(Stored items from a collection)
++++++++++++++++++++
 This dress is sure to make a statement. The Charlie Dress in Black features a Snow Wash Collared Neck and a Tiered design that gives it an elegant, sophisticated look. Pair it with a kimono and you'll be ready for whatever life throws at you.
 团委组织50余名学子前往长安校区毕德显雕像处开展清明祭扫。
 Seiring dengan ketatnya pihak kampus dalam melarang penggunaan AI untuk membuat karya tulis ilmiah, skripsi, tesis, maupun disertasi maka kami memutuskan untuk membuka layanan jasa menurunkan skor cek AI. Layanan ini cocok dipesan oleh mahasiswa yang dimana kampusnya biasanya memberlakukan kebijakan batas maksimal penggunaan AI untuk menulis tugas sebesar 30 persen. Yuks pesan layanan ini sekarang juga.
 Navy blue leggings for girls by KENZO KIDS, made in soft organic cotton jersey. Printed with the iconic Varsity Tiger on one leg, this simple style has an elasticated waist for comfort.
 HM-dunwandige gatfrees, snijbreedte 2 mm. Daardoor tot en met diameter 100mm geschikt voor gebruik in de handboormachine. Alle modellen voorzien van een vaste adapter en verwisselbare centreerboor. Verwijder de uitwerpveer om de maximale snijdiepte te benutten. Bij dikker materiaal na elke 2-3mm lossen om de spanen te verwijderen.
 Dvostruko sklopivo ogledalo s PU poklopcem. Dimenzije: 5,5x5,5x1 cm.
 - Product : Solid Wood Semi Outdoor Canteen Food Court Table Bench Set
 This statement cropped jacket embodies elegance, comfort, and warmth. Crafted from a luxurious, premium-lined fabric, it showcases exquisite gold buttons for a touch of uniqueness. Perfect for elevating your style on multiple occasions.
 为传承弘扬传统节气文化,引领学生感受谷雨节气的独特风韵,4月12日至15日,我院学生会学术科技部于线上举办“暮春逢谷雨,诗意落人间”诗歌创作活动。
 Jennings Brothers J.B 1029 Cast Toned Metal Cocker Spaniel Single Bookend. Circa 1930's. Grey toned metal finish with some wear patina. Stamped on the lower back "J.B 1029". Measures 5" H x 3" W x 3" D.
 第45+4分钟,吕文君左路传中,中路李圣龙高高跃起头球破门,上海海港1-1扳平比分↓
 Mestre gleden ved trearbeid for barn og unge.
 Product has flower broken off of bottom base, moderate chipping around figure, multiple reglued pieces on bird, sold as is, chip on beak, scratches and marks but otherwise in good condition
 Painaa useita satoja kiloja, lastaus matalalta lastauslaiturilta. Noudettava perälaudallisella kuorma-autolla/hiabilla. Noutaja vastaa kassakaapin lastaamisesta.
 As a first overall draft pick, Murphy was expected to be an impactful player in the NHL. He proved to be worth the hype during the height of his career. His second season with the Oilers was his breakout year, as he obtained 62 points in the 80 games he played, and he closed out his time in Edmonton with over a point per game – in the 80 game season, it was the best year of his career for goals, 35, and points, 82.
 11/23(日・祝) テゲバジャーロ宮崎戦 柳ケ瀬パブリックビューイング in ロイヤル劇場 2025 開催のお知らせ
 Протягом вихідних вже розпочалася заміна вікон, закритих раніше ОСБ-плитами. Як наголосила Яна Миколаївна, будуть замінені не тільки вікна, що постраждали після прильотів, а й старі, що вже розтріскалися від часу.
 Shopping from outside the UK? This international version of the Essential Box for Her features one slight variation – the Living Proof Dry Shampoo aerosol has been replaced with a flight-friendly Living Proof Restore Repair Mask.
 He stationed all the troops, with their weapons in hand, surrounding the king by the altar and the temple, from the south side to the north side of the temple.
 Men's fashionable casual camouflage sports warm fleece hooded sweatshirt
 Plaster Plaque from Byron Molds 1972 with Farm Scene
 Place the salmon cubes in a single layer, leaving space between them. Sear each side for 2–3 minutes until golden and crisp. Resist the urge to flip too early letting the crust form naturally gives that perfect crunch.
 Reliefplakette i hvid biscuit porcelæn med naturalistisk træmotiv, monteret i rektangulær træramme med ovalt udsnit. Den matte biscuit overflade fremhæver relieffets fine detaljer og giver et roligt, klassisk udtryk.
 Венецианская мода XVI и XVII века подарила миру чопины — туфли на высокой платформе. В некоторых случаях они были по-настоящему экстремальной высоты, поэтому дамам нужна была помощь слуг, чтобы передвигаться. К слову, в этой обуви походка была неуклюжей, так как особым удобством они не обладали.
++++++++++++++++++++
AIM OF THE TASK: Both end lines included, restate word for word the lines above from the line with "第45+4分钟,吕文君左路传" to the line with "Painaa useita satoja", and nothing else.

ANSWER SECTION:
 第45+4分钟,吕文君左路传中,中路李圣龙高高跃起头球破门,上海海港1-1扳平比分↓
 Mestre gleden ved trearbeid for barn og unge.
 Product has flower broken off of bottom base, moderate chipping around figure, multiple reglued pieces on bird, sold as is, chip on beak, scratches and marks but otherwise in good condition
 Painaa useita satoja kiloja, lastaus matalalta lastauslaiturilta. Noudettava perälaudallisella kuorma-autolla/hiabilla. Noutaja vastaa kassakaapin lastaamisesta.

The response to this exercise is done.